EnrichM is a set of tools for comparative genomics of large sets of metagenome assembled genomes (MAGs). The current functionality includes:

1. A basic pipeline for annotating population genomes.
2. A pipeline to identify genes or metabolic pathways that are enriched within and between user-defined groups
3. To construct metabolic networks from annotated population genomes.

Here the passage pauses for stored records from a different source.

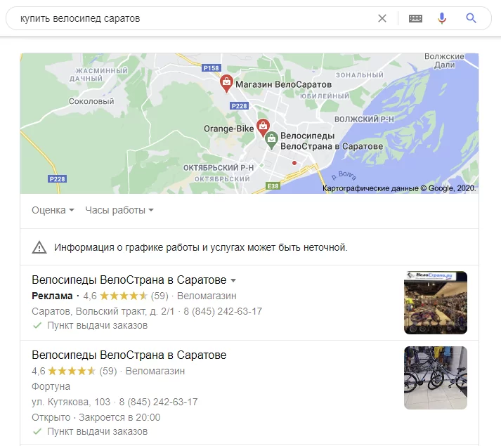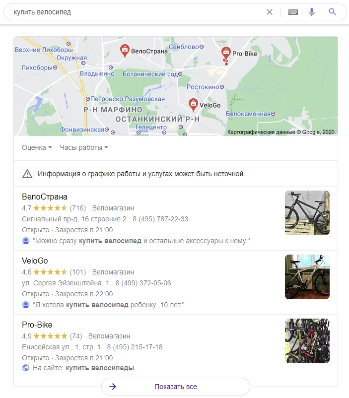 Результаты поиска на уровне города важны для тех видов бизнеса, которые работают по всему городу. Например, предприятия, не привязанные к конкретному адресу. Это фотографы, клининговые услуги, кейтеринг, доставка и интернет-магазины. Результаты поиска по этим запросам обычно остаются более или менее одинаковыми по всему городу.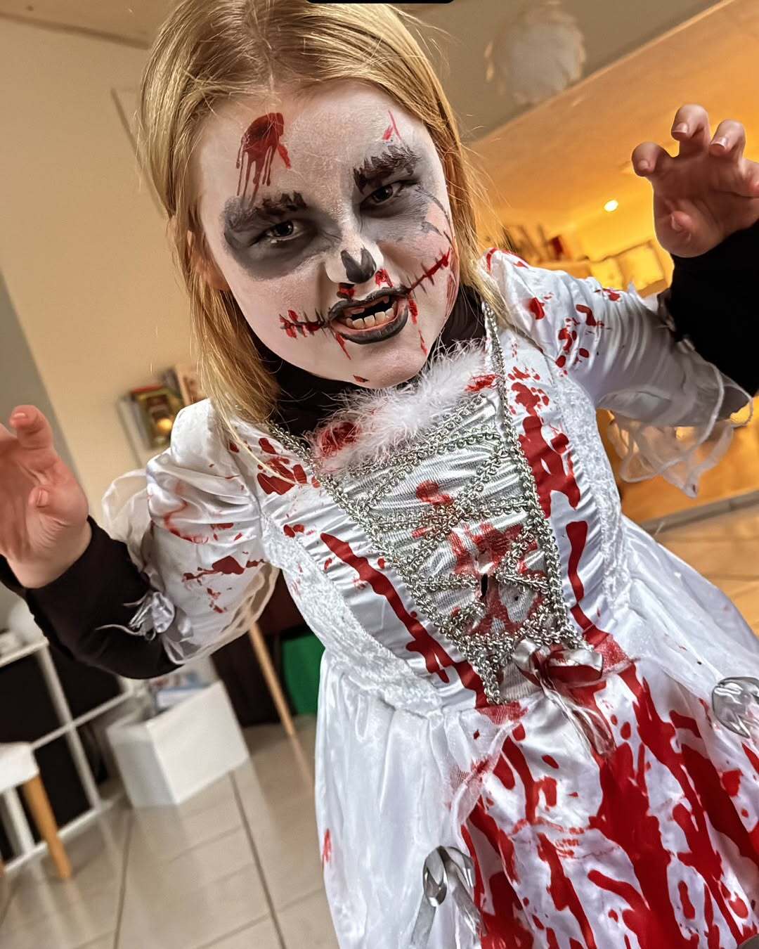 🧟♀️ Tilde er klar som Zombie Brud! Med udtrykket af en uhyggelig skønhed er hun klar til at skræmme livet af os i aften. 🙀🤩👻🫣 Er I klar til at blive skræmt? 😱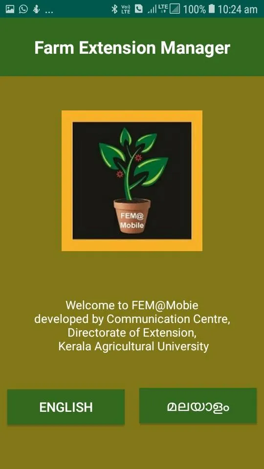 Farm Extension Manager (FEM@Mobile) is a mobile application developed in the field of agriculture. It contains information on 100 essential crops of Kerala. The application is made available in both English and Malayalam languages. It works in its full features in online mode, and also work in offline mode. The application takes care of the needs of both small, marginal and big farmers. There are ten different categories of information covered under the tool. The broad areas of information are crop cultivation, plant protection, organic inputs, agrochemicals, agricultural quiz, video gallery, farm posters, expert support, contact directory and app info. The crops are categorized based on broad groups like spices, vegetables, medicinal plants etc. The crop production aspects cover information on planting, variety, fertilizer, aftercare and harvest. The button on planting operations will give information on seed material, spacing, planting time, method of planting etc. Information on around 800 recommended varieties, are included under the variety section. Around 300 fertilizer recommendations, are presented in straight fertilizer format, and unit area basis and per plant basis. Further, the fertilizer information button will make precise information on how much fertilizer to be applied, when and how. The plant protection part covers symptom and control of over 500 insect pests, 700 plant diseases and 1100 deficiency disorders. The control aspect gives equal emphasis on organic and inorganic methods....

EnrichM is under active development, so use at your own risk. Currently, there are the following sub-commands:

```
Annotation
annotate -> Basic annotation of bins and contigs.

Enrichment analysis
classify -> Determine what KEGG modules a genome encodes.
enrichment -> Generate an enrichment matrix from modules produced by
annotate.

Network analysis
pathway -> Generate a metabolic network from specific KEGG module or
compounds.
explore -> Explore a metabolic network from a given compound.
```

# Installation

## Dependencies

EnrichM has the following non-python dependencies:
* [hmmer](http://hmmer.org/) >= 3.1b
* [seqmagick](https://fhcrc.github.io/seqmagick/) >= 0.6.1
* [diamond](https://github.com/bbuchfink/diamond) == 0.9.22
* [prodigal](http://prodigal.ornl.gov/) >= 2.6.3
* [parallel](https://www.gnu.org/software/parallel/) >= 20180222
* [mmseqs](https://github.com/soedinglab/MMseqs2) >= 2-23394
* [R](https://www.r-project.org/) >= 3.0.1

## PyPi
```
sudo pip3 install enrichm
```

# Setup

## Loading EnrichM's database
Before running enrichm, you'll need to download the back-end database. This is done using a command in enrichm:
```
enrichm data
```
This should take approximately 15 minutes. To check for updates and install updates, simply run the same command. To uninstall the database, run:
```
enrichm data --uninstall
```
## Sepcifying the location of the enrichm database
By default EnrichM will install the database in your home directory. If you wish to move the database to a more global location (e.g. if you work on a sever and need multiple users to have access) all you need to do is move it and export a BASH variable named "ENRICHM_DB":

```
export ENRICHM_DB=/path/to/database/
```

# Subcommands

## annotate
Annotate is a function that allows you to annotate your population genomes with [KO](http://www.kegg.jp/kegg/ko.html), [PFAM](http://pfam.xfam.org/), [TIGRFAM](http://www.jcvi.org/cgi-bin/tigrfams/index.cgi), and CAZY using [dbCAN](). The result will be a .gff file for each genome, and a frequency matrix for each annotation type where the rows are annotation IDs and the columns are genomes.

See the [annotate help page](https://github.com/geronimp/enrichM/wiki/annotate) for more


## classify
Classify quickly reads in KO annotations in the form of a matrix (KO IDs as rows, genomes as columns) and determines which [KEGG modules](http://www.kegg.jp/kegg/module.html) are complete. Annotation matrices can be generated using the annotate function.

See the [classify help page](https://github.com/geronimp/enrichM/wiki/classify) for more


## enrichment
Enrichment will read in KO or PFAM annotations in the form of a matrix (IDs as rows, genomes as columns) and a metadata file that separates genomes into groups to compare, and will run some basic stats to determine the enrichment of modules or pfam clans between and within the groups.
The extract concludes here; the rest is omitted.